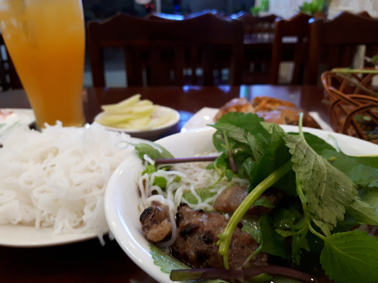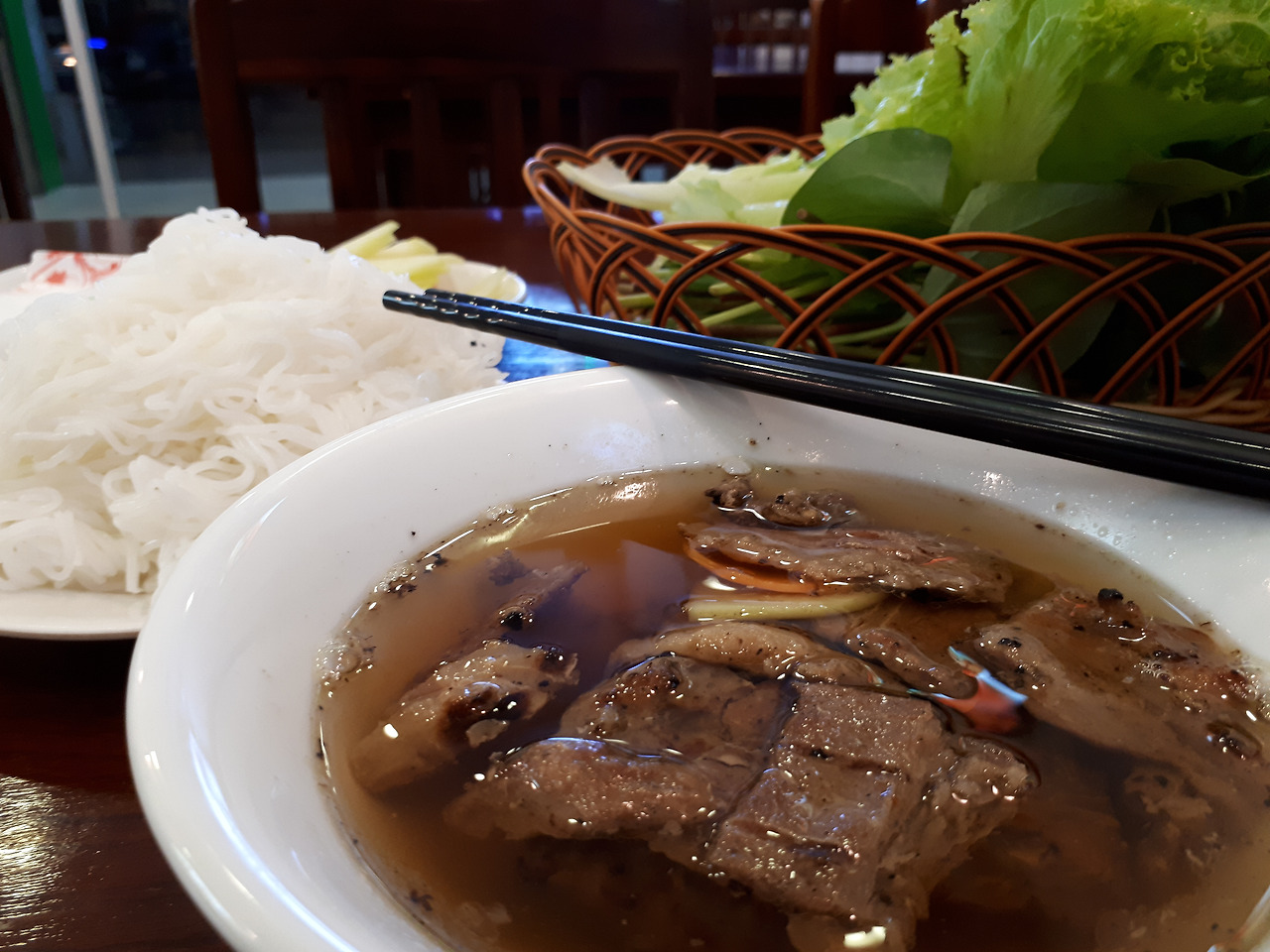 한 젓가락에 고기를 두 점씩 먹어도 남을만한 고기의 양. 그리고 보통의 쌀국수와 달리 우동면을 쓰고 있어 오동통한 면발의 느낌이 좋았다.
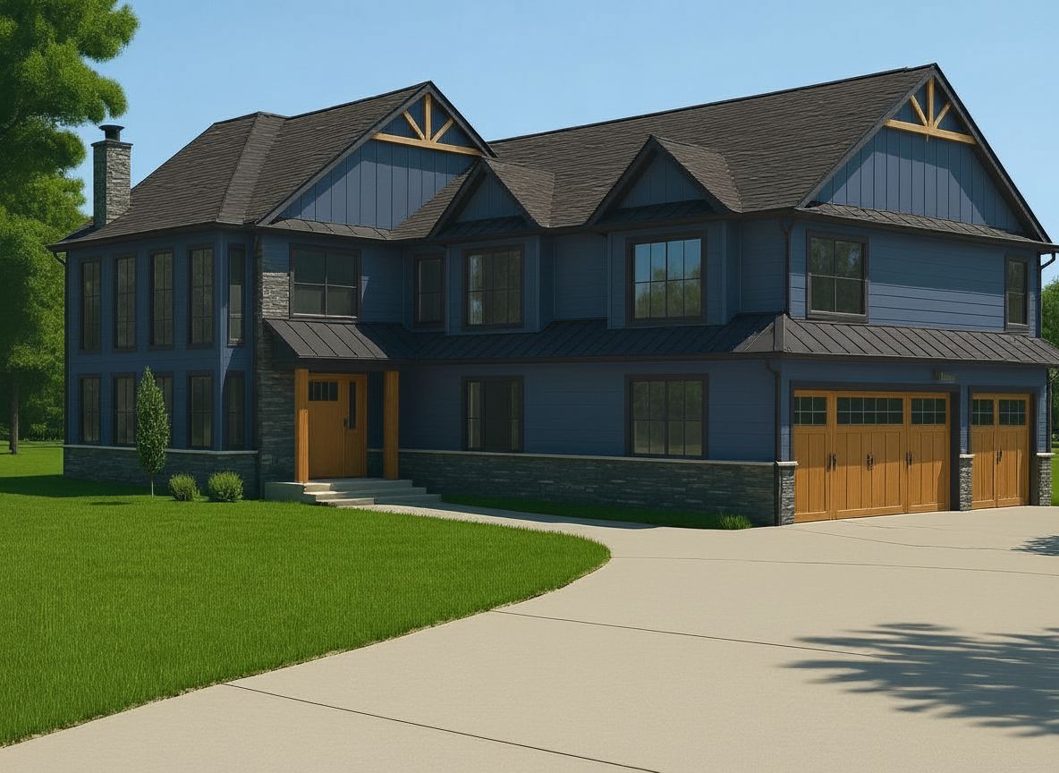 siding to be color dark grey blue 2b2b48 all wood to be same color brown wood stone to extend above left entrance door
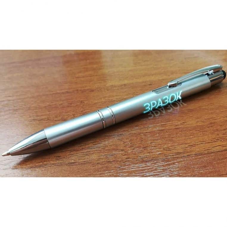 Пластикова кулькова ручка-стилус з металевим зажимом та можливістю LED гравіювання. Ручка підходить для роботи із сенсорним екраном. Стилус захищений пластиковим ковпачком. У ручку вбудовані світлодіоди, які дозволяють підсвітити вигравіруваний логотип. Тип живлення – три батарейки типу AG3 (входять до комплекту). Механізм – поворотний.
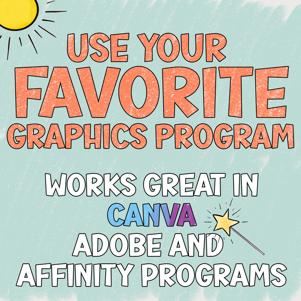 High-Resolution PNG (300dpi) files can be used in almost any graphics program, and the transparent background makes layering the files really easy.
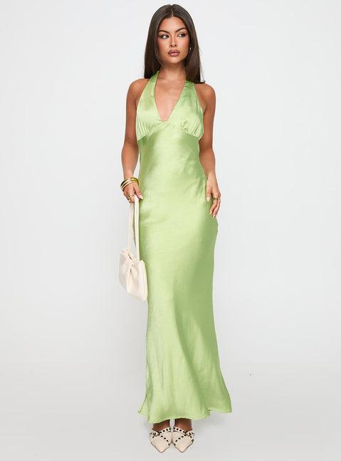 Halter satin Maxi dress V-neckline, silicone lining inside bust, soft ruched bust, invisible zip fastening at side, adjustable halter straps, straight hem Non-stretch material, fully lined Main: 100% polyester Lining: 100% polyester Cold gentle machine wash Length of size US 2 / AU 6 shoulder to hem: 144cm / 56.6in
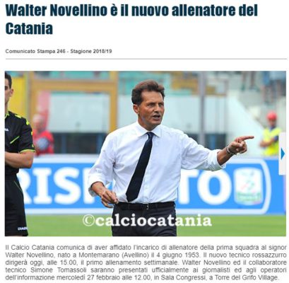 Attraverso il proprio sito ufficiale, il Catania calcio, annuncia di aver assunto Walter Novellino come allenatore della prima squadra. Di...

#### Description of the task
Without any pictures, repeat the listing exactly.

#### Response to this task
 한 젓가락에 고기를 두 점씩 먹어도 남을만한 고기의 양. 그리고 보통의 쌀국수와 달리 우동면을 쓰고 있어 오동통한 면발의 느낌이 좋았다.
 siding to be color dark grey blue 2b2b48 all wood to be same color brown wood stone to extend above left entrance door
 Пластикова кулькова ручка-стилус з металевим зажимом та можливістю LED гравіювання. Ручка підходить для роботи із сенсорним екраном. Стилус захищений пластиковим ковпачком. У ручку вбудовані світлодіоди, які дозволяють підсвітити вигравіруваний логотип. Тип живлення – три батарейки типу AG3 (входять до комплекту). Механізм – поворотний.
 High-Resolution PNG (300dpi) files can be used in almost any graphics program, and the transparent background makes layering the files really easy.
 Halter satin Maxi dress V-neckline, silicone lining inside bust, soft ruched bust, invisible zip fastening at side, adjustable halter straps, straight hem Non-stretch material, fully lined Main: 100% polyester Lining: 100% polyester Cold gentle machine wash Length of size US 2 / AU 6 shoulder to hem: 144cm / 56.6in
 Attraverso il proprio sito ufficiale, il Catania calcio, annuncia di aver assunto Walter Novellino come allenatore della prima squadra. Di...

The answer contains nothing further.